4.8.4 About Partitioned Models
Partitioned models allow you to divide your data set into multiple partitions based on specific attributes and build a model for each partition. The system automates the creation and management of these models, reducing manual effort.
When you build a model on a data set, a single generic model may not perform well on new or evolving data. To address this, you can specify partition columns to create separate models for each partition based on some characteristics. For example, if your data set includes a "REGION" attribute with four values, four models will be created automatically, each corresponding to a region. The system manages these sub-models as part of a single partitioned model.
The partitioned model resides as a first-class, persistent database object, with all sub-models stored on disk. This structure improves performance, especially for models with a large number of partitions, and allows for efficient management, such as dropping individual sub-models when needed.

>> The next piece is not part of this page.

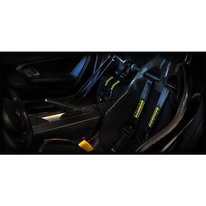 For Lamborghini owners looking to take their Gallardos to the next level of safety during any road-racing or spirited driving events, Tecnocraft presents the worlds first and only industry-standard commercial harness bar system in the world. Our harness bar assembly specifically contours to the Gallardo interior, maintaining rear hatch-access control, OEM seatbelt usage, and maximum T1 seat (LG-RS001C) adjustability and clearance, while bolting straight through the vehicle frame in factory locations. Safety and strength are displayed throughout the intricate design of the harness system, from its LG-BR001 floor bracket mounting support bars, to the no compromise inclusion of Carbon/Kevlar self-lubricating spherical rod ends for easy adjustability and final system installation. The Tecnocraft Gallardo 4-Pt. Racing Harness Bar Assembly is the ultimate display of consumer dedication to safe and spirited Lamborghini driving experiences.

When building or scoring partitioned models, not all sub-models need to be loaded into memory simultaneously. This approach optimizes memory usage and enhances processing efficiency. The system provides a single model for scoring, while users can still access individual component models if needed.
- Partitioned Model Build Process
To build a partitioned model, Oracle Machine Learning for SQL requires a partitioning key specified in a settings table. - DDL in Partitioned model
Learn about maintenance of partitioned models thorough DDL operations. - Partitioned Model Scoring
The scoring of the partitioned model is the same as that of the non-partitioned model.
Related Topics
See Also:
Oracle Machine Learning for SQL User’s Guide to understand more about partitioned models.
Parent topic: Specify Model Settings
4.8.4.1 Partitioned Model Build Process
To build a partitioned model, Oracle Machine Learning for SQL requires a partitioning key specified in a settings table.
The partitioning key is a comma-separated list of one or more columns (up to 16) from the input data set. The partitioning key horizontally slices the input data based on discrete values of the partitioning key. That is, partitioning is performed as list values as opposed to range partitioning against a continuous value. The partitioning key supports only columns of the data type NUMBER and VARCHAR2.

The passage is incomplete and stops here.